Ich bin bei solchen Beispielen aus Parteitagsreden aber auch misstrauisch: Wie will Rot/Grün eine ganze Stadt an einem Tag in der Woche zur vegetarischen Ernährung zwingen?

Die Rede Röslers ließ den Vegetarierbund nicht ruhen. Er hat eine vorgefertigte Botschaft an den FDP-Vorsitzenden verfasst, die sich auf den Redeabschnitt bezieht. Man kann diese »Petition« zeichnen und hinterlässt dabei seine persönlichen Daten. So gibt der Vegetarierbund Röslers Aussage wieder:

Bei Ihrer Antrittsrede als neuer Parteichef der FDP haben Sie unter anderem über den Veggietag gesprochen. Sie meinten weiterhin, dass am Veggietag keine Gerichte mit Fleisch gekocht und ausgeteilt werden dürften und man damit den Menschen vorschreiben würde, was sie essen dürften und was nicht. Ihre Aussage stimmt so nicht. Der Veggietag setzt komplett auf Freiwilligkeit. Niemand wird dazu gezwungen, sich an der Kampagne zu beteiligen. (Hervorhebung von mir).

Merken Sie etwas? Der Bezug auf die Stadt Bremen ist verschwunden. Gibt es eventuell zwei Arten des Veggietags — eine mit freiwilliger und eine mit erzwungener Teilnahme? Ich habe die Website der Initiative nach der Stadt Bremen durchsucht. Und ich wurde fündig:

Bremen ist die erste Stadt in Deutschland, in der der Donnerstag ein „Veggiday“ ist, meint: In Kantinen, Restaurants, Kitas und Schulen soll an diesem Tag auf Fleisch verzichtet werden. Die Schirmherrschaft für das Projekt hat der Präsidenten des Senats, Bürgermeister Jens Böhrnsen übernommen: „Das Klimaprojekt Veggiday ist langfristig angelegt und will vorbildlich auch für andere Städte sein. Jeder kann sich leicht beteiligen.“ (Quelle)

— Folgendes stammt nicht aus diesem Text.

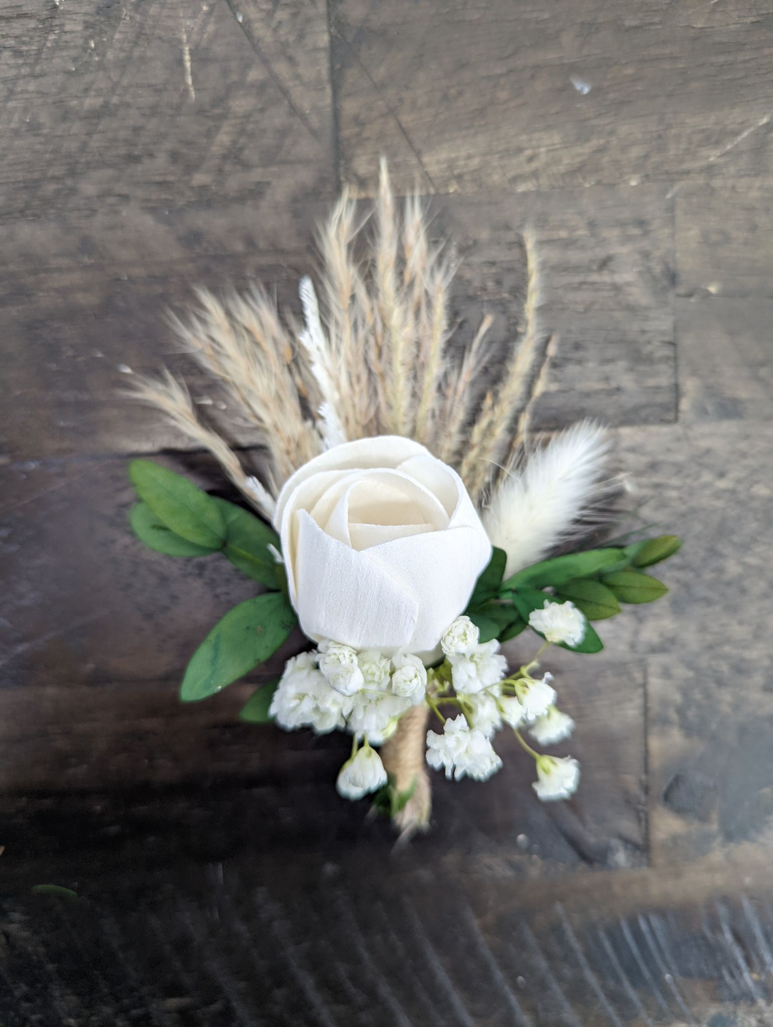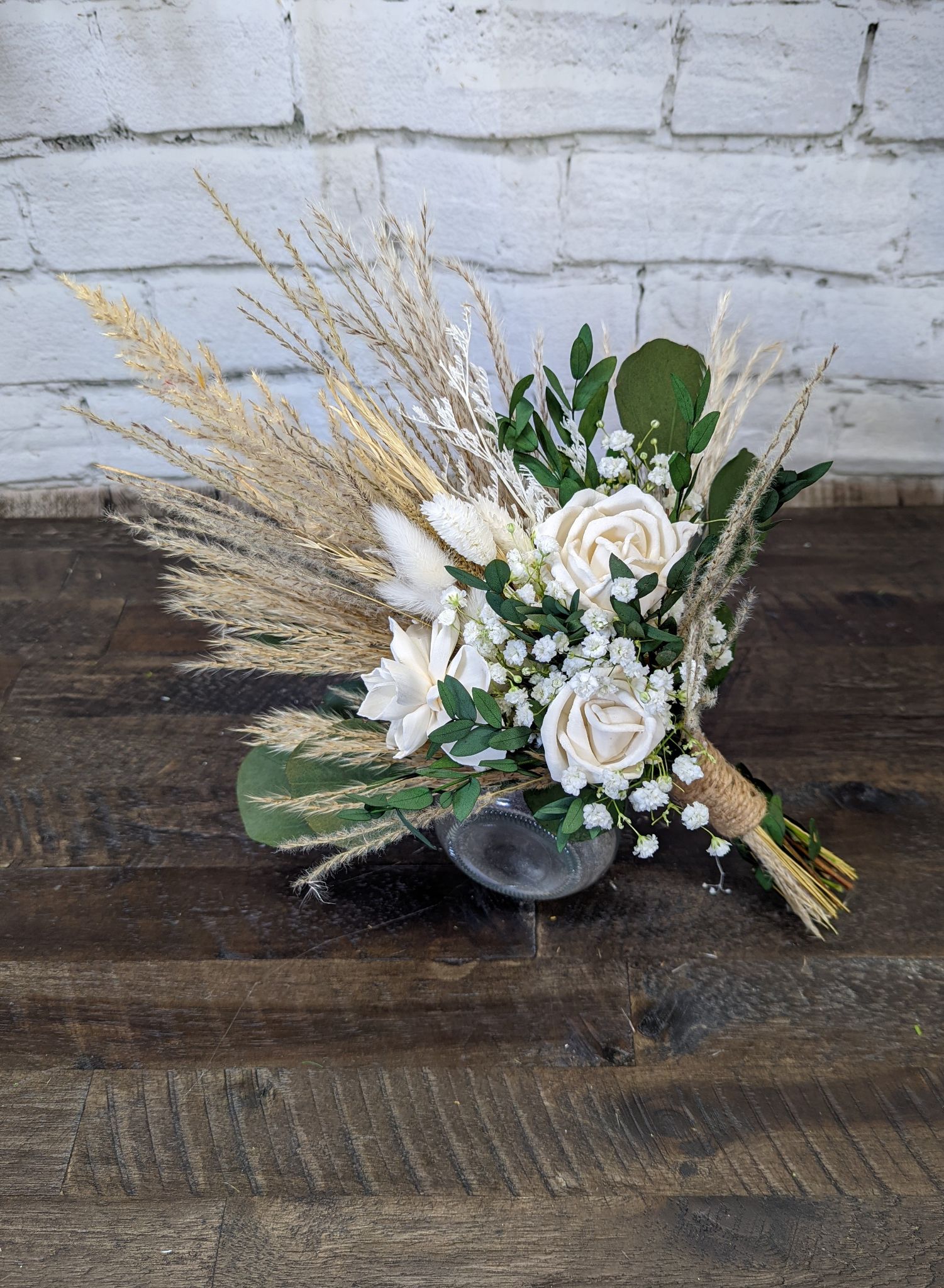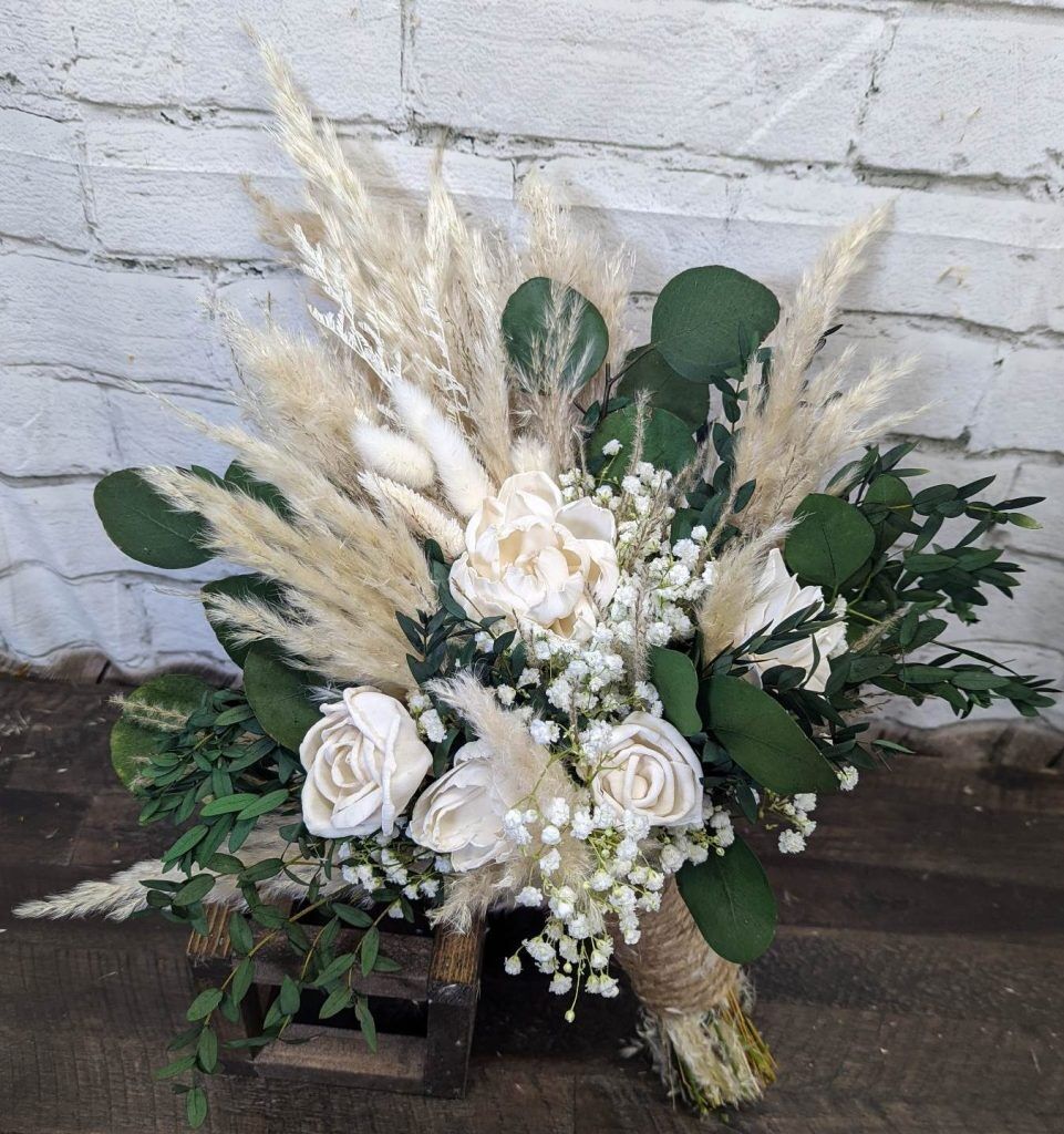Ivory Clouds Collection:: Soar through the skies on your wedding day with our new Ivory Clouds collection! A few beautiful wood flowers surrounded by real preserved pampas, babies breath, and a few types of eucalyptus. This set is sure to leave you, and your guests, on cloud 9!

Hatte Rösler also doch recht? Kann ein Beamter, eine Erzieherin, ein Schüler oder eine Altenheimbewohnerin an diesem Tag nicht zwischen vegetarischem und nichtvegetarischem Essen wählen? Das wollte ich genauer wissen. Also schaute ich mich auf der Website der Stadt Bremen um.

Inzwischen beteiligen sich 78 Kindertagesstätten, zahlreiche Schulen und auch die Bremer Heimstiftung an 26 Standorten an der Aktion. Angeschlossen haben sich Großküchen und Krankenhäuser, vor allem aber viele kleinere Institutionen und Einrichtungen. Auch das Bremer Rathaus ist dabei: Bei Veranstaltungen donnerstags, die vom hauseigenen Bankettmanagement betreut werden, kommt kein Fleisch auf den Teller. Auch Bürgermeister Böhrnsen hat seinen Terminkalender auf den fleischlosen Donnerstag eingestellt: „Ich esse gerne einmal Fleisch, aber ich empfinde den Veggiday nicht als Verlust, weil mir etwas fehlt auf dem Teller. Auch am Veggiday bekomme ich vollwertige und leckere Mahlzeiten.“ (Quelle)

Wirklich freiwillig scheint mir die Teilnahme nicht zu sein.

Philipp Rösler hat teilweise recht: Manchen Leuten wird die vegetarische Ernährung an diesem Tag einfach vorgesetzt. Die Kinder, die Altenheimbewohner und die Patienten können es sich wohl kaum aussuchen und werden auch nicht gefragt.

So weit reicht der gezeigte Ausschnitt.